4. Create Density Plot For Punjab

  • Calculate 2D kernel density of spider points

  • Create contour plots showing sampling intensity

  • Enhanced version makes low-density areas transparent

Code
cat("\n=== CREATING DENSITY PLOT ===\n")

=== CREATING DENSITY PLOT ===
Code
# Calculate 2D kernel density for spider points
kde <- kde2d(spiders$x, spiders$y, n = 100,
             lims = c(xmin_buffer, xmax_buffer,
                      ymin_buffer, ymax_buffer))

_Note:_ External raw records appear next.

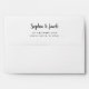 These minimal, white solid colour wedding invitation envelopes feature simple, watercolor green leaves on the inside. Trendy script typography on the back flap (where your names and return address are pre-printed) adds a fresh look to make these envelopes perfect for rustic, minimalist, or any elegant botanical outdoors wedding.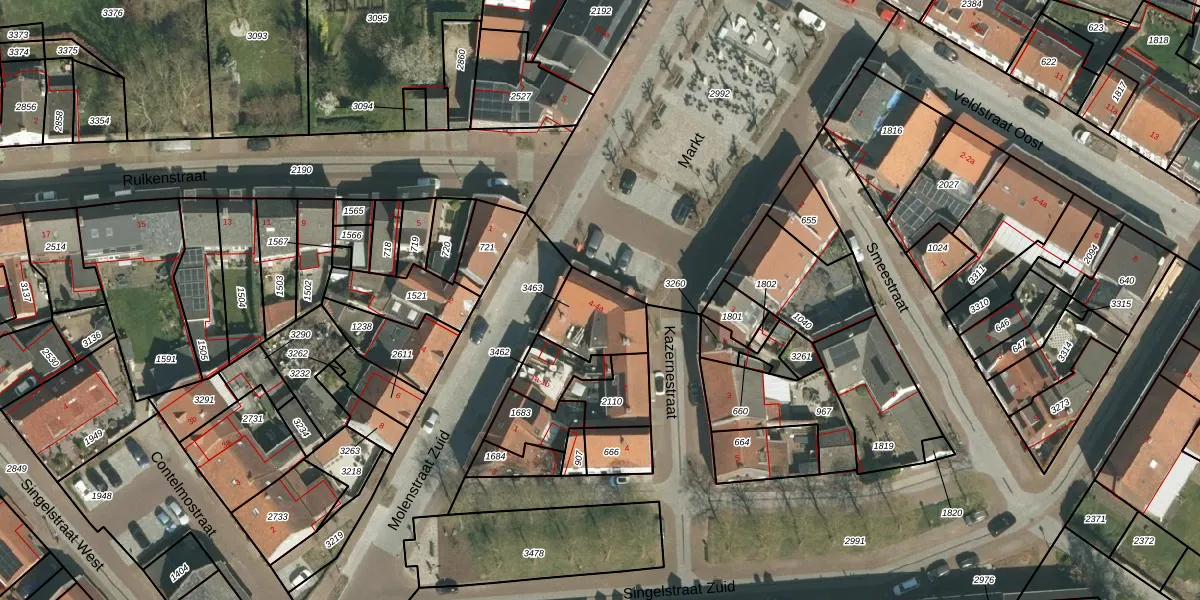 Het perceel waarop Markt 4-a staat heeft een oppervlakte van 184 m². Dit is een middelgroot perceel. De perceeloppervlakte wordt geregistreerd door het Kadaster. Gedetailleerde informatie over de maten van dit perceel kunt u vinden in het rapport Kadastrale kaart met maatvoering van Markt 4-a.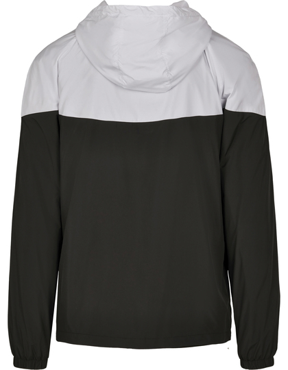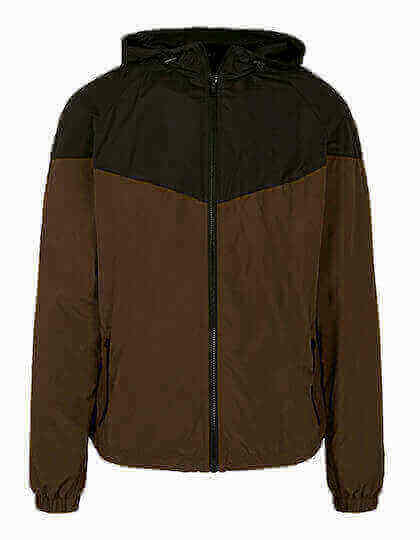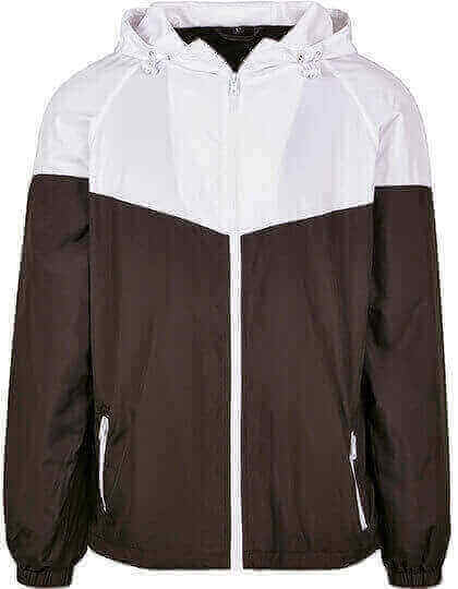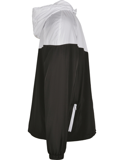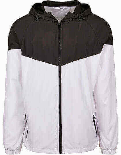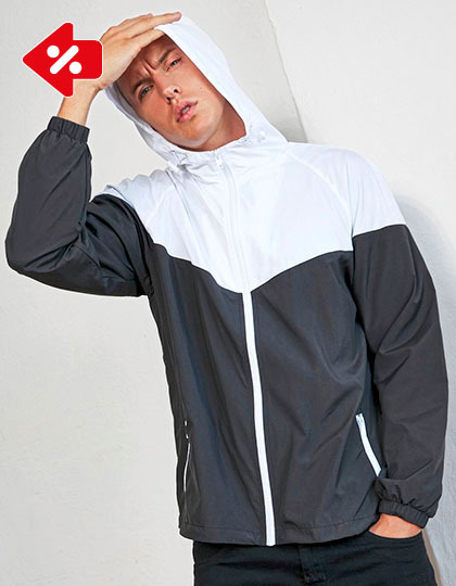 Barevné rozdělení bundy: ramenní část je odlišná. Raglánový střih. Kapuce se síťovanou podšívkou se stahovací šňůrkou se zarážkami. Boční kapsy na zip. Elastické manžety na rukávech a lemu. Přední strana s propínacím zipem.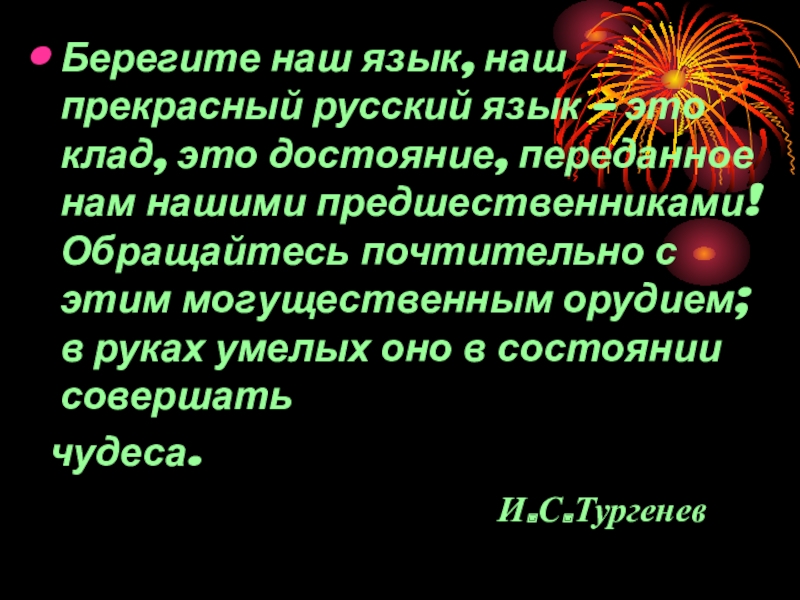 Берегите наш язык, наш прекрасный русский язык – это клад, это достояние, переданное нам нашими предшественниками! Обращайтесь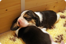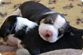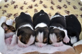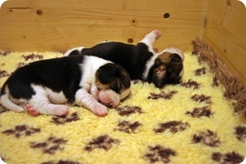 Die Welpen entwickeln sich prima in ihrer 2. Lebenswoche, haben alle ihr Geburtsgewicht verdoppelt und sind gerade dabei es zu verdreifachen.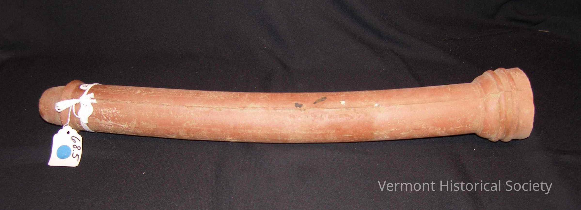 Red ceramic water pipe. The pipe has a male attachment on one end, which narrows and rounds inward to fit inside another pipe, and a female attachment on the other end, which widens to fit around another pipe.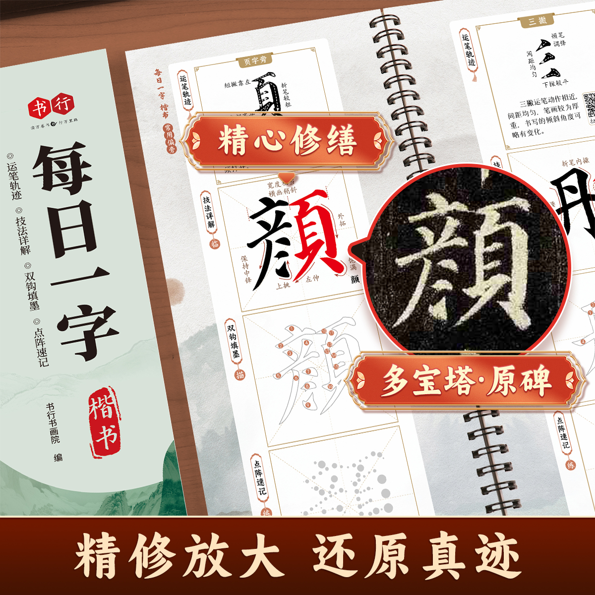 每日一字行书楷书单字书法软笔毛笔练字临摹字卡环装成人适用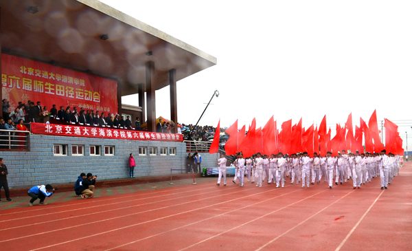 5月11日下午2:00,以“运动海滨·活力青春”为主题的北京交通大学海滨学院第六届田径运动会隆重开幕。政府领导:黄骅市政府副市长郑增强,市文广新局局长王文博;院领导:北京交通大学党委副书记、我院院长高福廷,执行院长王大勇,副院长张长铎、贾怀义、徐维祥、薛爱兴,副书记孙文博;投资方嘉宾:黄骅华城房地产开发有限公司总经理张如珠出席开幕式并在主席台就坐。开幕式由徐维祥副院长主持。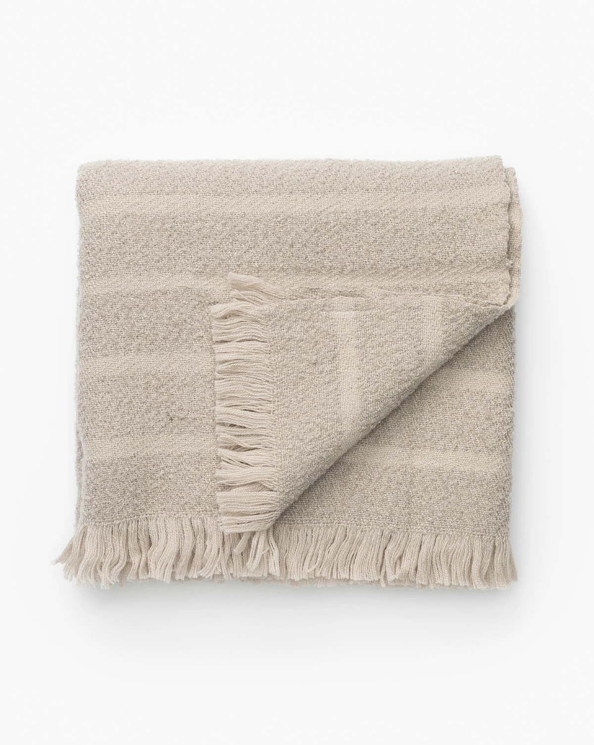 With bold gray stripes and a subtle fringe, the Quinlan Boucle Wool Throw is cozy and versatile. The boucle blanket is also textural, allowing for easy layering with bedding or on a sofa or ottoman. Designed specifically for comfort, the throw’s wool and acrylic blend gives it a full and soft feel.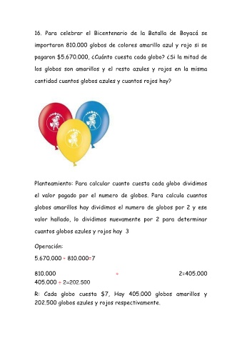 Planteamiento: Para calcular cuanto cuesta cada globo dividimos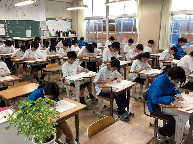 2学期中間テスト1日目です。生徒たちは集中して問題に取り組んでいました。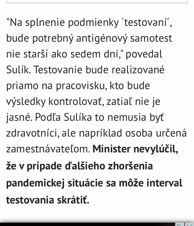 🔺Sulík teraz vyhlásil, že zamestnanci majú použiť antigénové samotesty nie staršie ako 7 dní a v januári ich štát preplatí.🔺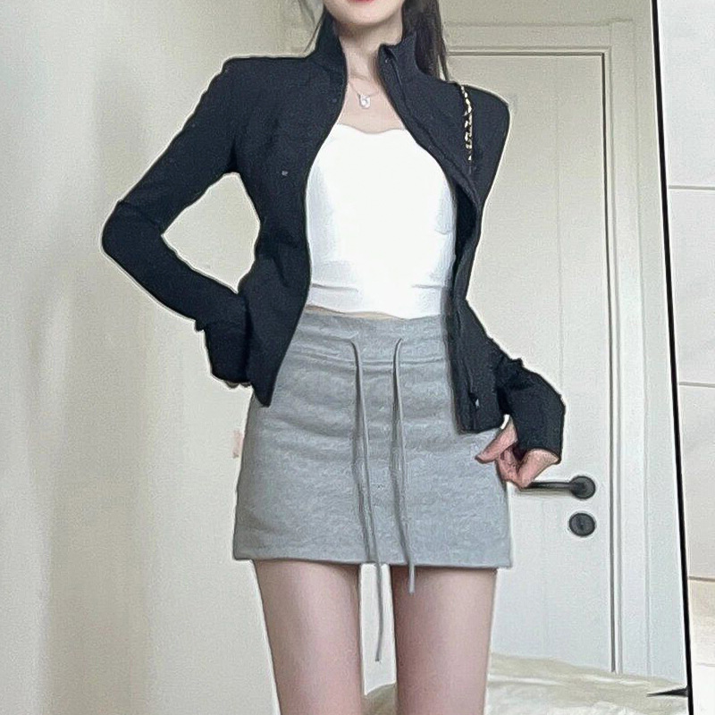 티몰 틱톡 퀄리티 그레이 A라인 스커트 캐주얼 하프 스커트 여성용 2025 핫걸 패션 스포츠 힙허깅 숏 스커트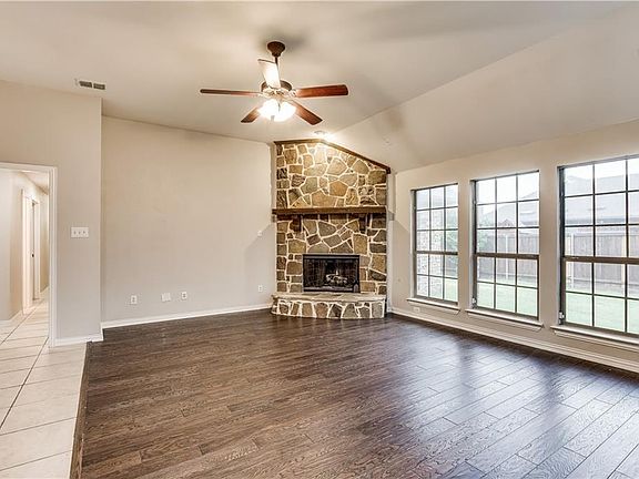 Built in 2007, this Forney offers a fireplace and a three-car garage. Upgraded features include fresh interior paint. A community pool is part of the HOA. Home comes with a 30-day buyback guarantee. Terms and conditions apply.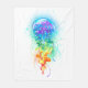 Grandes medusas de azulejo brillantes, de dibujos artísticos, con largos tentáculos en blanco, pintadas con fondo multicolor de acuarela. Mariscas arcoiris.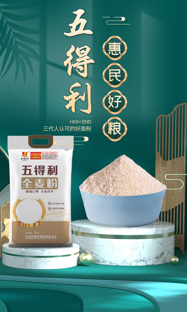 五得利(WUDELI)面粉全麦粉10斤 中筋多用途馒头饼面条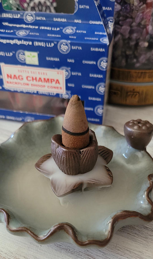 Ceramic Backflow Burner + Incense Holder - Ivory Cliff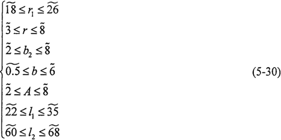 x=[x1,x2,x3,x4,x5,x6,x7]=[r1,r,b2,b,A,l1,l2] (5-18)

kde_df <- expand.grid(x = kde$x, y = kde$y)
kde_df$z <- as.vector(kde$z)

# Calculate breaks manually
breaks <- seq(min(kde_df$z), max(kde_df$z), length.out = 11)
# This creates 10 intervals

# Create custom color palette: white for lowest, viridis for others
custom_colors <- c("white", rev(viridis(9, option = "plasma")))

p_density <- ggplot() +
  
  # Density contours with explicit breaks
  geom_contour_filled(data = kde_df, aes(x = x, y = y, z = z), 
                      breaks = breaks) +
  
  # Custom colors
  scale_fill_manual(name = "Density",
                    values = custom_colors,
                    drop = FALSE,
                    guide = guide_legend(reverse = TRUE)) +
  
  # Roads
  {if(!is.null(roads_cropped) && nrow(roads_cropped) > 0)
    geom_sf(data = roads_cropped, color = "red", size = 0.1, alpha = 0.2)} +
  
  # Waterways
  {if(!is.null(rivers_cropped) && nrow(rivers_cropped) > 0)
    geom_sf(data = rivers_cropped, color = "blue", size = 0.1, alpha = 0.2)} +
  
  # Spider points
  geom_point(data = spiders, aes(x = x, y = y),
             color = "white", size = 1, alpha = 0.2) +
  
  # Zoom to study area
  coord_sf(xlim = c(xmin_buffer, xmax_buffer),
           ylim = c(ymin_buffer, ymax_buffer)) +
  
  # Labels
  labs(title = "Spider Sampling Density - Punjab Region",
       subtitle = "Contours show sampling intensity relative to roads and waterways",
       x = "Longitude", y = "Latitude") +
  
  theme_minimal(base_size = 14) +
  theme(
    plot.title = element_text(face = "bold", size = 16, hjust = 0.5),
    plot.subtitle = element_text(size = 12, hjust = 0.5, color = "gray40"),
    legend.position = "bottom"
  )

print(p_density)

Density contours show:

  • Hotspots (high density) in specific areas

  • Coldspots (low density) in others

  • Relationship with roads/rivers visible

Interpretation: Identifies areas of intensive vs limited sampling.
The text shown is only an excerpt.